The staff cull would equate to over a third of the company’s 950-strong workforce, and represents half of its 650 employees dedicated to its UK consumer business. The redundancies will mostly come from teams supporting UK business from London, Dublin, Cape Town and Tel Aviv. As part of the restructuring, the company also confirmed the sale its small business lending arm, Everline, to SME-focused lending firm Orange Money.
The announcement comes as Wonga looks to evolve its business model to respond to a rapidly changing landscape in the short-term credit market, which has felt the heat from regulators increasingly in recent months.
On his appointment as chairman last year, Andy Haste said the group would become smaller and less profitable in the near-term as it introduced changes to ensure responsible lending.

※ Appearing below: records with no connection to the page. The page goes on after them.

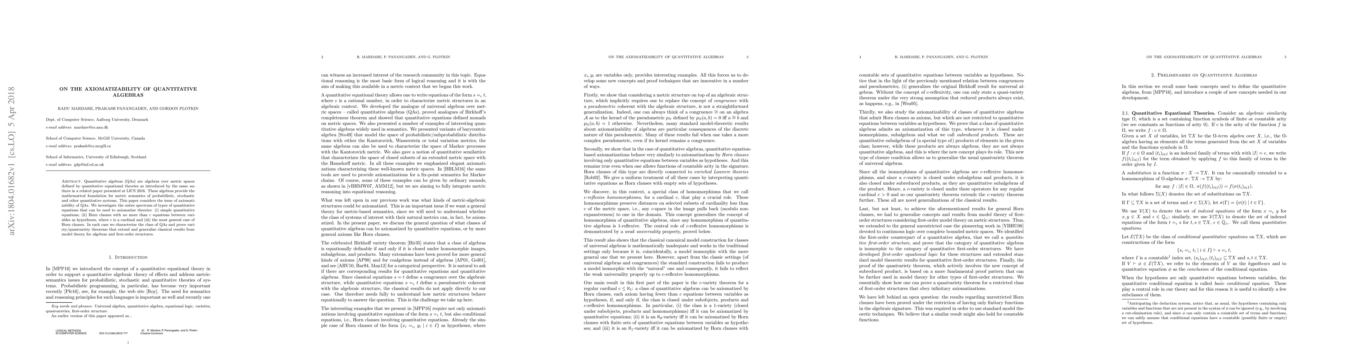 This paper explores the axiomatizability of quantitative algebras (QAs), which underpin the metric semantics of probabilistic and stochastic systems. It examines various types of quantitative equations to axiomatize QAs, proving variety/quasivariety theorems that extend classical model theory results.
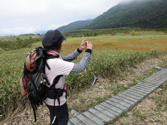 | 尚も、長い木道が続く。 |
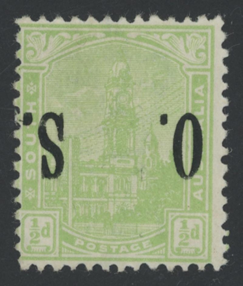OVERPRINTED THIN 'O.S.' WIDE SETTING: 1899-1901 ½d yellow-green Post Office with the Overprint Inverted SG O80a, lightly mounted,
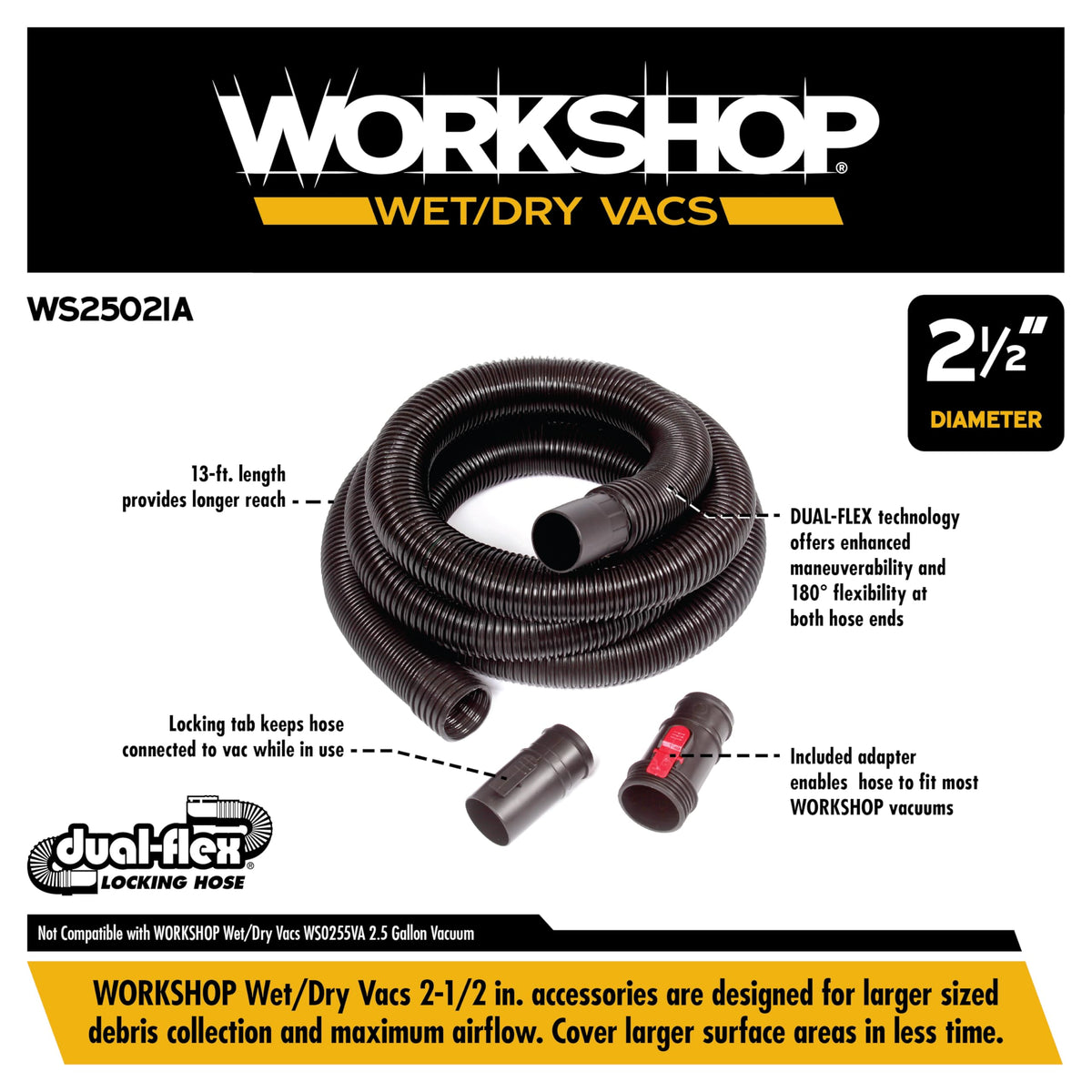 When a need exists to extend the reach of a shop vacuum this 13 foot wet dry vacuum hose is perfect. The 2-1/2-inch diameter provides a larger opening for debris collection and maximum airflow. This wet dry vac hose works with 1-7/8-inch and 2-1/2-inch shop vacuum accessories, and fits most shop vacuums with the standard 2-1/2-inch inlet port opening including most WORKSHOP Wet/ Dry Vacs.

Commenting on today’s announcement, Haste said: “Our focus is on creating a business that meets the demand for short-term credit sustainably and responsibly, resulting in good customer outcomes. We’ve already made significant changes, including appointing a new leadership team, implementing a new risk decision engine and tightening our lending criteria.
“However, Wonga can no longer sustain its high cost base which must be significantly reduced to reflect our evolving business and market. Regrettably, this means we’ve had to take tough but necessary decisions about the size of our workforce.”
Wonga also announced that early-stage investor and former chairman Robin Klein had stepped down from the board after an eight-year spell.